Il est un oiseau qui ne chante que juste avant de mourir: le cygne. Le chant du cygne a-t-il, donc, été entamé? A-t-on définitivement consomme le hiatus qu'il y a entre nous et notre proche ancestralité ? Serions nous en train de construire et de nous inventer une autre identité? Je connais des Kabyles qui se seraient bien inventés une ascendance Gréco latine.
Nous le craignons. Sur un plan anthropologique, on est sûrement bien fondé à le penser. On est en face d'un monde traditionnel débusqué de ses cohérences internes et qui n'a pas su secréter une modernité endogène, qui serait capable de contenir les outputs occidentalo-centristes apportes par les vents mauvais de l'histoire et entrés violemment et frontalement sous-couvert d'une modernité allogène et exclusiviste, qui ne se définit qu'en excluant l'autre, cet autre qui n'est appréhendé que comme subordonné, comme auxiliaire ou adversaire à réduire. Elle le ravale vers un statut inférieur, vers un état de subculture au sein de laquelle l'acquisition, à corps perdu, des moyens didactiques permettant une grille de lecture univoque de l'histoire et du monde est imposée suivant un langage tutélaire, répétitif et injonctif par les tenants du discours et de la doxa dominante, et est vécue comme un accessit voire comme un hochet distinctif d'émancipation et de "supériorité, un "accessit" qui se traduit, en réalité, comme un... surcroît d'aliénation.
Je m'en fous du Nouvel An chinois comme de l'An 40. D'autres s'y intéresseront.
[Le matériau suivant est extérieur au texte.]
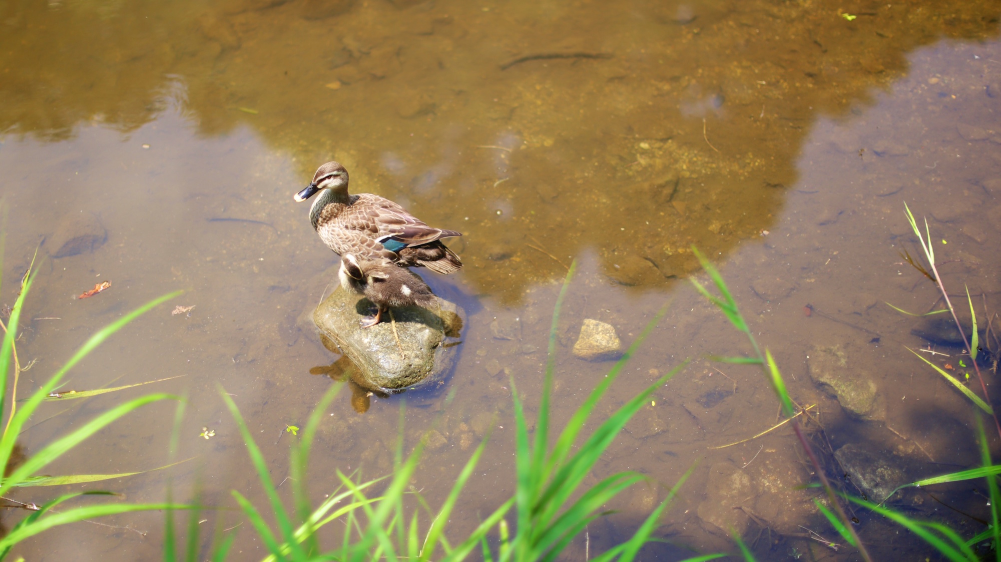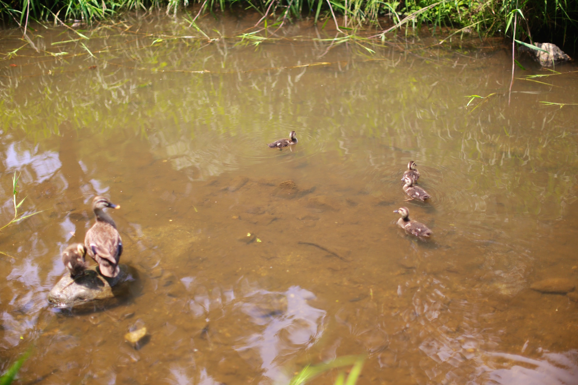 오리 가족의 나들이를 조용히 지켜 보았습니다.

Ce qui m'intéresse,et c'est l’objet de ma publication,ce sont les fondements anthropologiques de notre culture. All right? Qui d'incohérences? Sans la connaissance profonde des ressorts psychosociaux qui expliquent notre comportement socioculturel,il est impossible de comprendre nos échecs sociopolitiques historiquement auto reproductifs. Il est vain de gloser à longueur de colonnes sur des slogans de changements politiques, quand les freins à ces changements sont consubstantiels des solutions préconisées.
Quand comprendrions-nous que nos problèmes de sous-développement sont d'abord culturels??? La Révolution industrielle était née au XVIII ème siècle et avait embrassé rapidement toute l'Europe jusqu'à Vladivostok,extrême Orient de la Russie, telle une tâche d'huile.Il lui suffisait simplement de traverser ce "fleuve" de la Méditerranée pour nous parvenir. Ce ne fut jamais fait et ne fut jamais arrivée !!! Les freins étaient culturels…
Nous nous enorgueillissons de tous ceux qui avaient fait honneur à la culture qui les avait accueillis,LA CULTURE LATINE, notamment, mais si Saint Augustin était le philosophe de l'église chrétienne, nous regrettons que la culture kabyle n'avait pas porté sa pensée et pas plus qu elle n’ait . porté celle d Ibn Khaldoun ou du grand commentateur d’Aristote qu’était le grand Averroes. Tout notre problème était et est encore là, précisément…
Dans un monde qui se meurt, on n’est pas encore venu au monde, pour paraphraser Kateb Yacine (universel, lui) !!! Et venir au monde, exister, ne peut se faire sans l’effort soutenu en perspective de la définition de soi cohérent, de sa cohésion , de sa reconnaissance en tant que tel et d’acquisition de la connaissance et du savoir-faire. En tout domaine. Exister, c’est rattraper les Autres et, pourquoi pas les dépasser un jour, le rêve est permis et le génie berbère existe bel et bien. EXISTER, c’est PARTICIPER A LA DÉFINITION DE L’UNIVERSEL ( A HAUTEUR DE CEUX QUI NOUS L'INTERDISENT,AUJOURD'HUI) ET A SA CONSTRUCTION CAR ON NE NAÎT PAS DE L’INDULGENCE DES AUTRES, MAIS DE SA PROPRE DIFFÉRENCE, DE SA PROPRE LUMIÈRE. Tout le reste ne mérite même pas un regard…Bonne année, quand même.